0,5 Millimetern Größe ist die neu entdeckte Schnecke so kurz wie manche Bakterienart. Viel Vorleger könnte dies Tier genauso nicht sein, verdeutlichen Forschende und erläutern die Gründe zu diesem Zweck.

Ein internationales Forschungsteam hessischer Beteiligung hat die weltweit kleinste bekannte Landschnecke beschrieben. „Es ist etwas ganz Besonderes, so einen Rekordhalter Tierwelt zu entdecken – zumal dies bei der Größe natürlich nicht selbstverständlich ist“, erklärte Adrienne Jochum vom Senckenberg Forschungsinstitut und Naturmuseum Frankfurt an der Oder. Die nur 0,46 solange bis 0,57 Millimeter große Sorte Angustopila psammion sei in Proben von Höhlensedimenten aus Vietnam gefunden worden.

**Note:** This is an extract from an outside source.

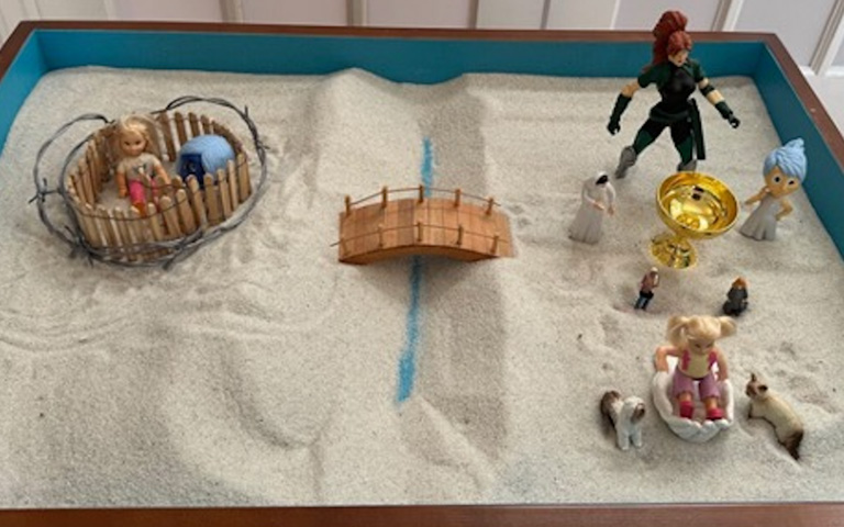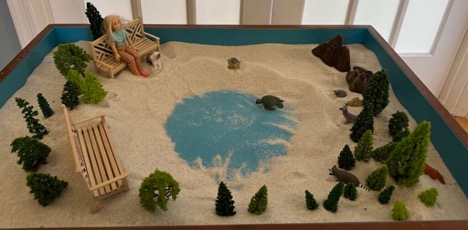 The sandtray can be used when we develop resources that support EMDR processing. An example is a safe / happy / calm / peaceful place that the client can go to mentally when needed. The client can use the sandtray to create the scene, which makes it easier to picture and to use during therapy.

Laut den Unterlagen hatte dies Team, zu dem genauso Wissenschaftler aus den Niederlanden, Ungarn und den USA zählen, die unter Felsen und in Höhlen gesammelten Proben in einem Wasserkasten gewaschen. Daraufhin ließen sie den sich an dieser Wasseroberfläche bildenden Schaum trocknen. Schluss den Überresten konnten sie die winzigen Schneckenhäuser sowie weiteres Werkstoff retten, feinen Pinseln reinigen und anschließend unter dem Mikroskop zwingen.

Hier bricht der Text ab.